Read The Undesirable (Undesirable Series) Online
Authors: S. Celi
CHAPTER FIFTY-ONE
As soon as I get through the concrete, I search for the Humvee Glenn told me would wait for us. Trees line the other side of the wall, and the branches press up against a brown and fallow crop field that stretches several acres. I run for almost a quarter mile before I find our getaway chariot under another large camouflage tarp. Fostino follows me.
“Think the keys are in the ignition?” he asks once he catches up to me. Our chests heave from the run.
“I don’t know.” We don’t whisper anymore. While I can’t make out his face in the darkness, his body touches mine. It’s electric. His fingers snake around my hand and squeeze tight.
“Here goes nothing.” Fostino pulls open the door and slides inside. Seconds later, the engine revs and he nods for me to get in on the passenger side.
“Sounds a lot quieter than I expected,” he remarks once I pull the door shut behind me.
“All the SSR’s cars sound like this one. Easier to stay out of sight if you can’t be heard so well. These Humvees only look like the one from The Party.”
“Where to?” His hand rests on the gearshift.
“North.” I point to the field in front of us. “I guess head through the field.
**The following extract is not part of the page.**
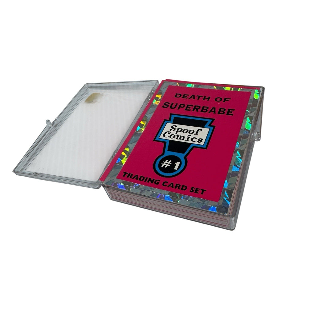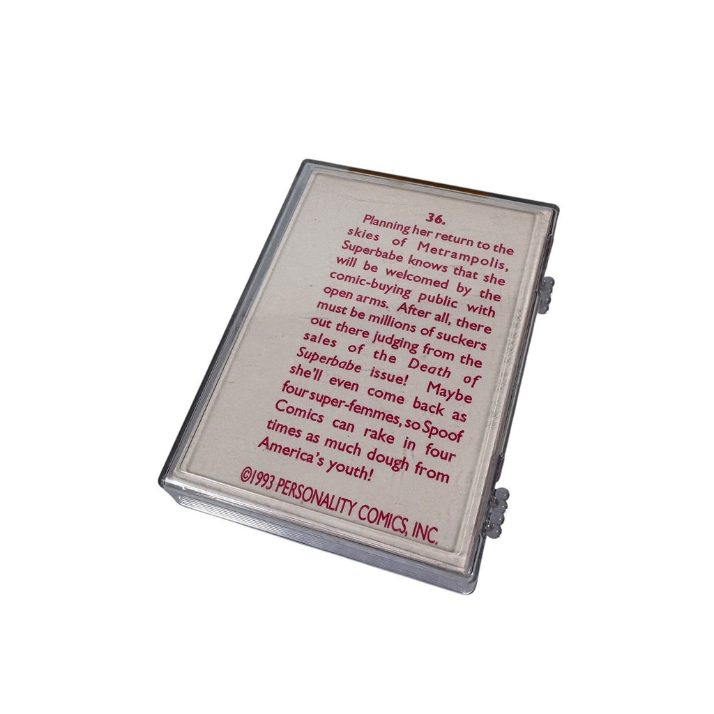 The "Death of SuperBabe Spoof Comics Trading Cards Complete 37 card set" from 1993 features standard-sized cards made of card stock. This original set, manufactured by Spoof Comics Trading Cards, includes 36 cards featuring the character Superbabe in a superhero, action, and fantasy genre. With a vintage feel and English language text, this non-sport trading card set is a must-have for collectors interested in unique and entertaining content from the early 90s.

If I remember, state line road is right up this way, and from there we can head east and hit the state highway from there.”
Fostino doesn’t speak. He takes his foot off he breaks and starts to drive. Every few minutes, I peer over my shoulder to see if anyone follows us. I don’t notice anyone. We turn onto the state highway in about 15 minutes.
“We should stop a little ways north of here at Nelson Nugent’s store,” I tell Fostino. “He’s in the SSR, and he knows a lot. He’ll help us. Glenn and I met up with him on the way down here.”
“How do you know we can trust him?” He gives me a sideways frown. Even in the moonlight, I can see it.
“We can,” I insist. “He gave us new IDs and supplies the last time we stopped there. I know it’s late, but I bet he’ll help us if we show up.” I watch the shadows of the Ohio farmland fade as we pass into rural Michigan. It all looks the same in the moonlight, but with each mile, I breathe easier. Fostino turns the headlights on low once we get about three miles out of town.
“You know,” he says. “Even with all this, I don’t hate The Party.”
“You don’t?” I don’t bother to hide the surprise in my voice.
“No. Many good people make up The Party. People who just do their job. They don’t make decisions. They’ve to follow orders. They’re not all bad people. I had friends. Real friends, I think.”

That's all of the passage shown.